3 Feb 2003 Fefe   » (Master)

I was reading the documentation for the different x86 CPUs regarding my SIMD work, and I have started comparing the latencies. I was shocked just how bad the Pentium 4 is.

The Pentium 4 has really horrible latencies, in particular where it really matters: at the SIMD instructions. For example, movq has a latency of 6 on the Pentium 4 (VIA C3: 1, Pentium 3: 1, Athlon: 2). This means moving one MMX register to another, no memory stalls or AGIs included!
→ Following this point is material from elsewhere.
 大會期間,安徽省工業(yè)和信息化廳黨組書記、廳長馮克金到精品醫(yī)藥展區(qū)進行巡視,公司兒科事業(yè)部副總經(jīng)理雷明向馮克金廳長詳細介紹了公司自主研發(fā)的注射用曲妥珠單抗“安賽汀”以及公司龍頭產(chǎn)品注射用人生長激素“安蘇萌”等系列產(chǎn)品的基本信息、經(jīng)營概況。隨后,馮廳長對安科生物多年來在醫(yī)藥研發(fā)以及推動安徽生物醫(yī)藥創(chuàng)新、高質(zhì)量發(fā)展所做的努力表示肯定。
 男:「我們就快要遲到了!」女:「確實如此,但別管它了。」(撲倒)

Now movq is pretty important because the x86 architecture uses source+destination addressing in the instructions, not source1+source2+destionation as most RISC CPUs, so you need to copy data around all the time to get something done. This means that you have to find five other instructions to schedule between the movq and the next instruction to keep the pipeline filled. That is next to impossible in typical applications. There are not enough registers to unroll a typical loop four times.

No wonder the Pentium 4 performs so badly per clock cycle in comparison to, well, everything else on the market. I'll stick with my Athlon, thank you. Until I can buy a Hammer, that is ;-)
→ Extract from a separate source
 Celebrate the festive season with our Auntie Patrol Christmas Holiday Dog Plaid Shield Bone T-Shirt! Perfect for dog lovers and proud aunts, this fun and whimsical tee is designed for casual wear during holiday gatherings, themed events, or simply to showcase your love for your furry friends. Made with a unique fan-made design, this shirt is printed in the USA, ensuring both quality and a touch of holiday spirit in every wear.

BTW: Since I mentioned it here, I put the 3dnow vorbis decoder diff on my home page, and 46 people downloaded it so far. Whee! Now I need to find the time to do it again in SSE, that should speed things up even more on my Athlon XP.
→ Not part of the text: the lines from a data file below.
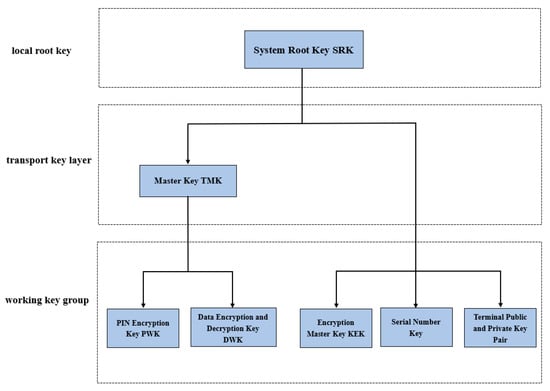 The key management system is the basis of software operation, and also determines the security of the algorithm. The system key management adopts a hierarchical key management mechanism. The key is basically divided into three layers, as shown in Figure 7.
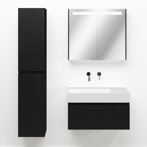 Greeploos badkamermeubel in de kleur zwart mat eiken is 80 cm breed. De wastafel is vervaardig in keramiek en heeft de kleur wit mat keramiek. Dit badkamermeubel met deze wastafel is leverbaar tussen de 60 cm t/m 160 cm
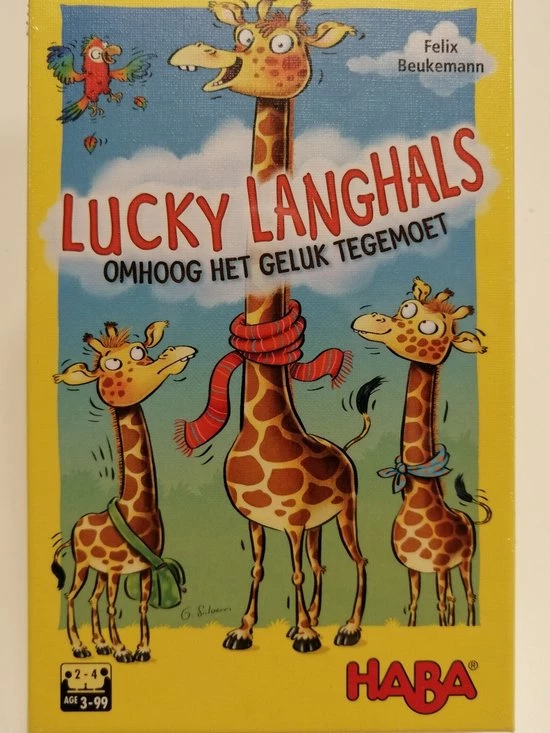 Met spel Lucky langhals ga je omhoog, het gelukt tegemoet! Een plezierig legspel, snel uitgelegd om meteen van start te gaan. De magen van de giraffenvrienden knorren luid. De begeerde lekkernijen hangen echter net aan de allerhoogste takken van de boom. De spelers draaien om beurt kaartjes om en leggen die bij hun giraf. Met de papegaai aan het touwtje vergelijk je de lengte. De giraf met de langste hals wint.

@nymia: you describe the code slave, not the coder. You describe someone who does it because he needs the money, not because he likes to do it. Don't just copy other people's code; in most cases it turns out those others didn't know what they were doing, too. Read their code and understand why they did it like that. Then you can copy from yourself. Only copy from others after you have completely understood what and why they were doing.